## Task item:
Every line from the one containing "Piles of flowers" to the end of the data below should be copied exactly, but pictures should not.

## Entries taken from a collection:
^^^^
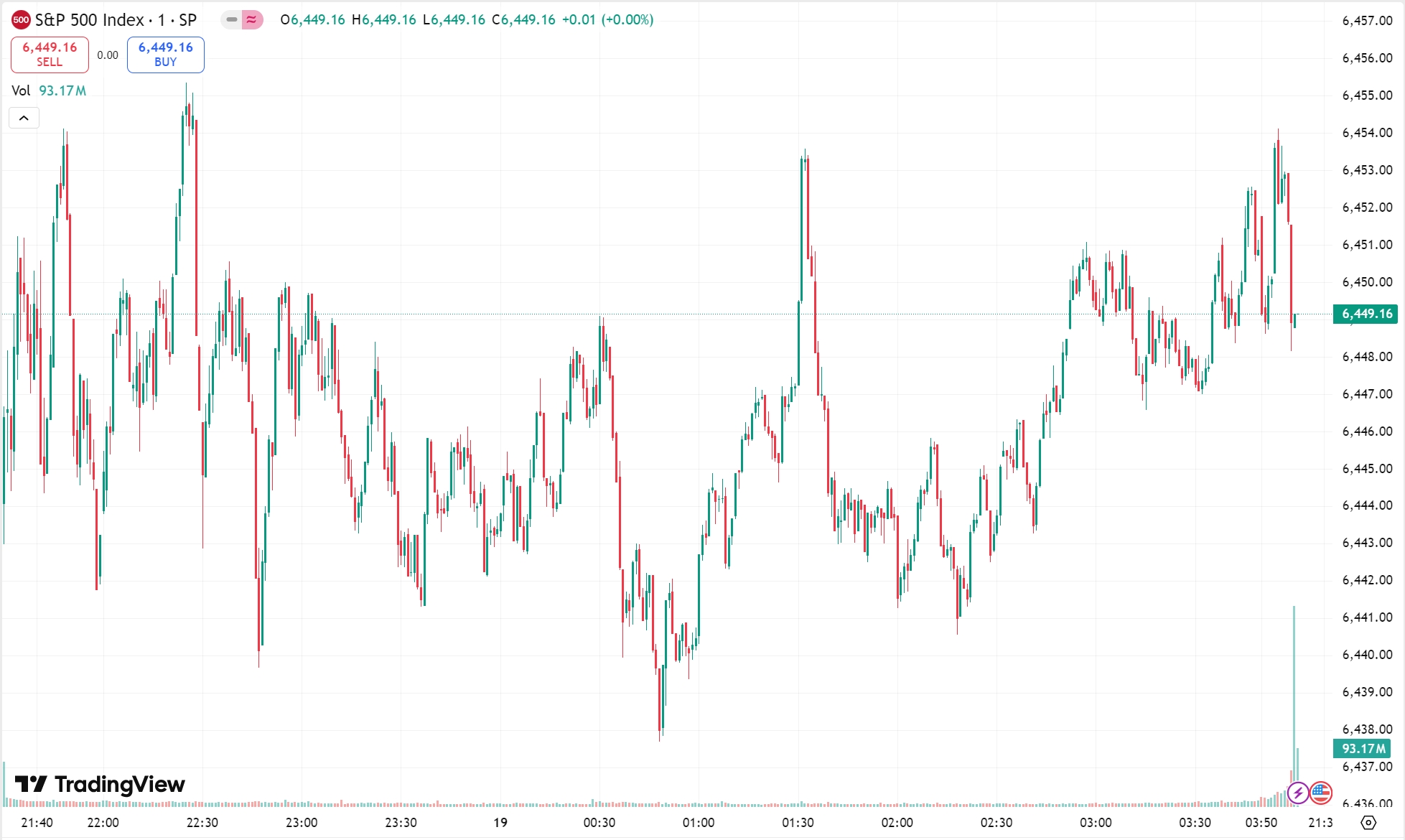 • 标普 500 指数跌 0.65 点,跌幅为 0.01%,报 6,449.15 点
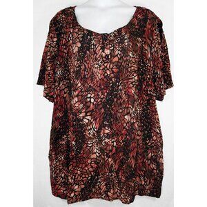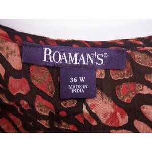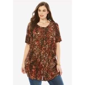 NWOT Roaman's Angelina Tunic Top, size 36W. Its Rust, Brown and Black in color, animal print throughout, button down style, scoop neck, short sleeves, pintucks in front and back, rounded tunic length hem, fabric is lightweight 100% Rayon crinkle crepe, machine washable. Comes from a smoke free home.
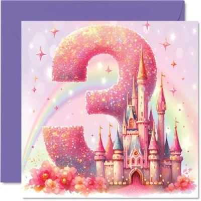 3rd Birthday Cards for Girls Fairy Princess Castle Happy Card 3 Year Old Girl Cousin Daughter Sister Goddaughter, 145mm Bday Greeting
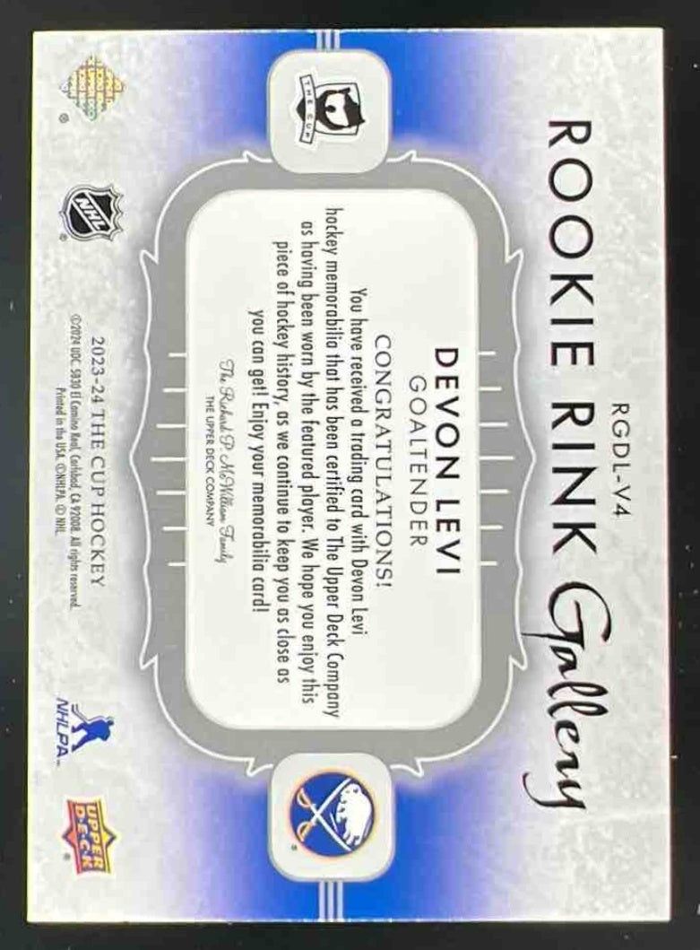 2023-24 The Cup Rookie Rink Gallery Patch #RGDL-V4 Devon Levi /35
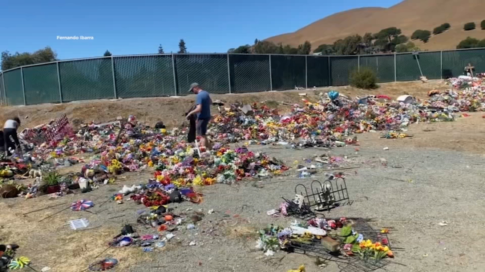 Piles of flowers and other mementos thrown on the dirt. Families sent us these videos after they learned Chapel of the Chimes Cemetery in Hayward had done a clean up of gravesites.
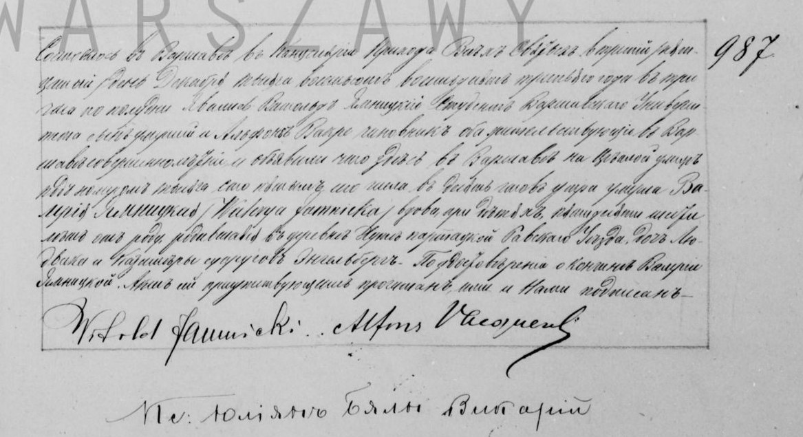 | sw.1096731 | sw.1096731 | sw.1096732 (sw.499704) | sw.1096733 (sw.499705) | Akt małżeństwa: Warszawa św. Jan (obecn. m. Warszawa), 13/1891 [indeks na http://geneteka.genealodzy.pl/] http://metryki.genealodzy.pl/metryka.php?ar=8&zs=9233d&sy=334&kt=1&skan=013.jpg [podgląd] |
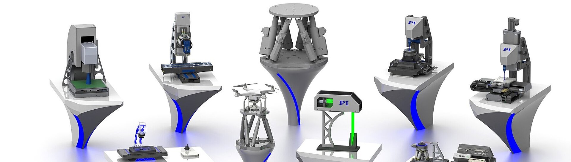 Every market and every application requires different things from positioning solutions, for example, with regard to precision, dynamics, travel ranges, control, or software. Due to its wide-ranging technology and product portfolio, PI can respond to individual requirements, as well as combine solutions flexibly - from individual components through to multi-axis system assemblies. This page presents different examples of our application-specific demonstrators, which we can configure and assemble to meet your specific requirements.
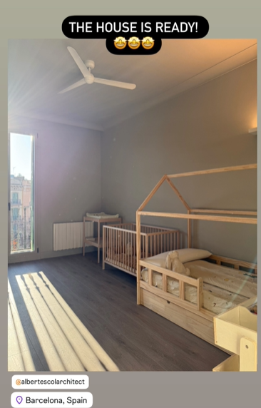 שעות לפני הפוסט של אלברט, אסי שיתף את מעל למילון עוקביו באינסטגרם בסדרת סרטונים קצרה שתיעדה את הבית החדש של המשפחה בברצלונה וכללה סיור קצר במטבח, חדר השינה של הילדים, הסלון והמבואה ותמונה של אימא שלו מלכה לצד אלברט במטבח החדש.
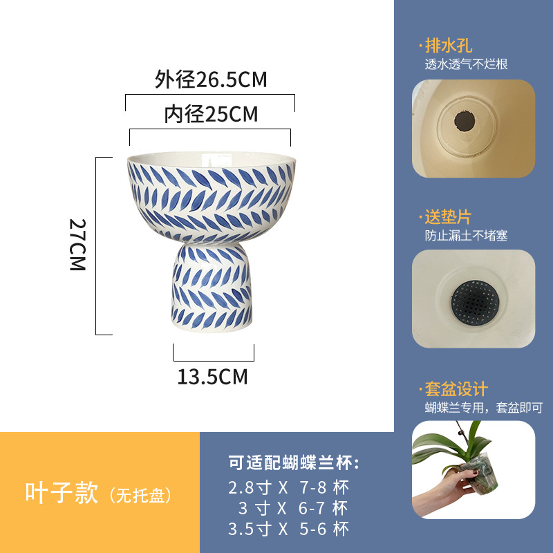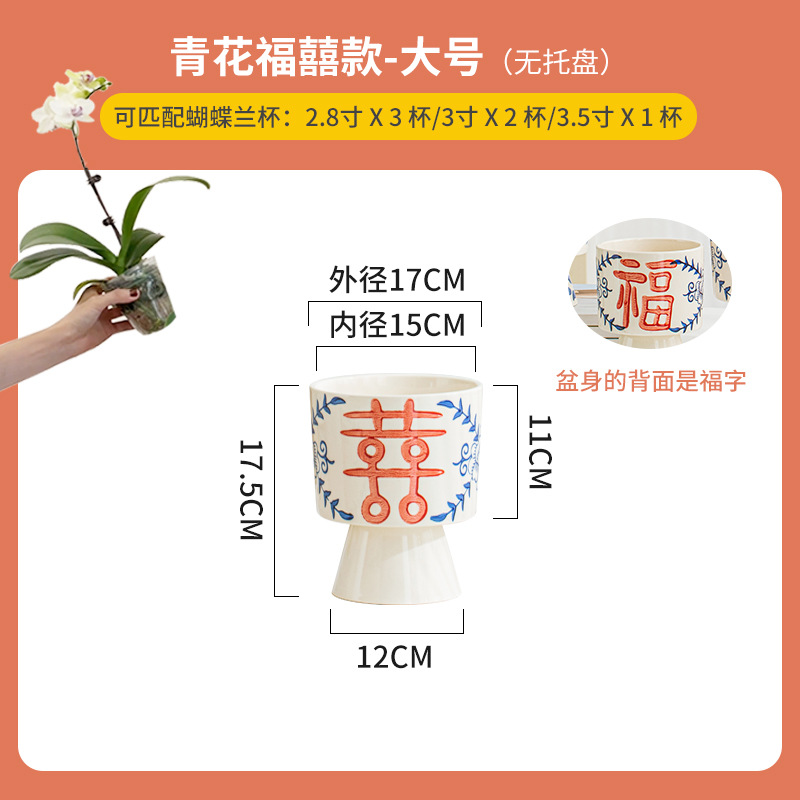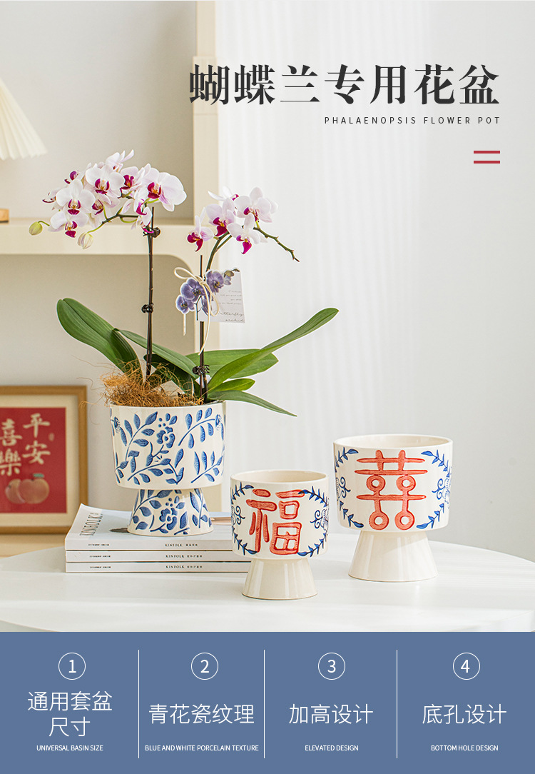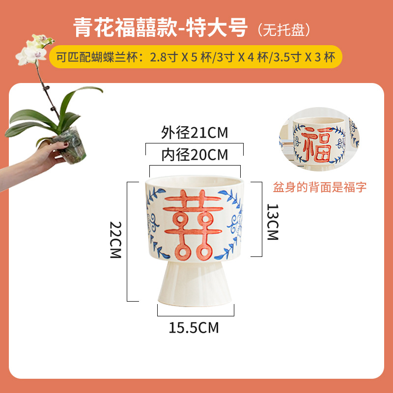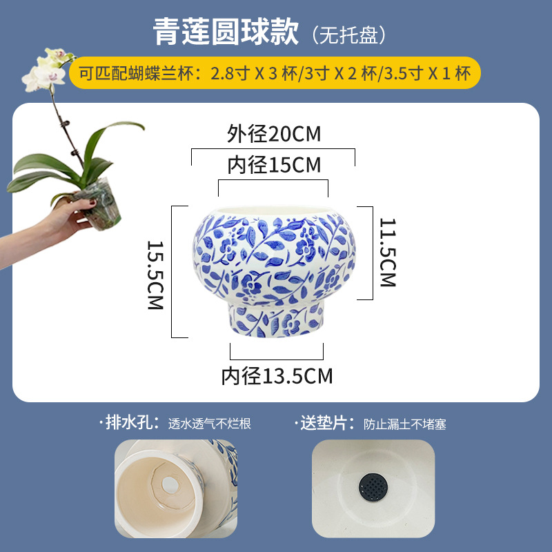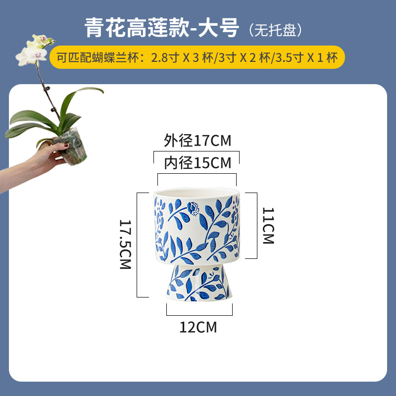 나비 난초 화분, 고급스럽고 세련된 신중국풍 도자기 대형 화분, 난초 전용, 경덕진 청화백자 화분
^^^^
## Written reply:
 Piles of flowers and other mementos thrown on the dirt. Families sent us these videos after they learned Chapel of the Chimes Cemetery in Hayward had done a clean up of gravesites.
 | sw.1096731 | sw.1096731 | sw.1096732 (sw.499704) | sw.1096733 (sw.499705) | Akt małżeństwa: Warszawa św. Jan (obecn. m. Warszawa), 13/1891 [indeks na http://geneteka.genealodzy.pl/] http://metryki.genealodzy.pl/metryka.php?ar=8&zs=9233d&sy=334&kt=1&skan=013.jpg [podgląd] |
 Every market and every application requires different things from positioning solutions, for example, with regard to precision, dynamics, travel ranges, control, or software. Due to its wide-ranging technology and product portfolio, PI can respond to individual requirements, as well as combine solutions flexibly - from individual components through to multi-axis system assemblies. This page presents different examples of our application-specific demonstrators, which we can configure and assemble to meet your specific requirements.
 שעות לפני הפוסט של אלברט, אסי שיתף את מעל למילון עוקביו באינסטגרם בסדרת סרטונים קצרה שתיעדה את הבית החדש של המשפחה בברצלונה וכללה סיור קצר במטבח, חדר השינה של הילדים, הסלון והמבואה ותמונה של אימא שלו מלכה לצד אלברט במטבח החדש.
 나비 난초 화분, 고급스럽고 세련된 신중국풍 도자기 대형 화분, 난초 전용, 경덕진 청화백자 화분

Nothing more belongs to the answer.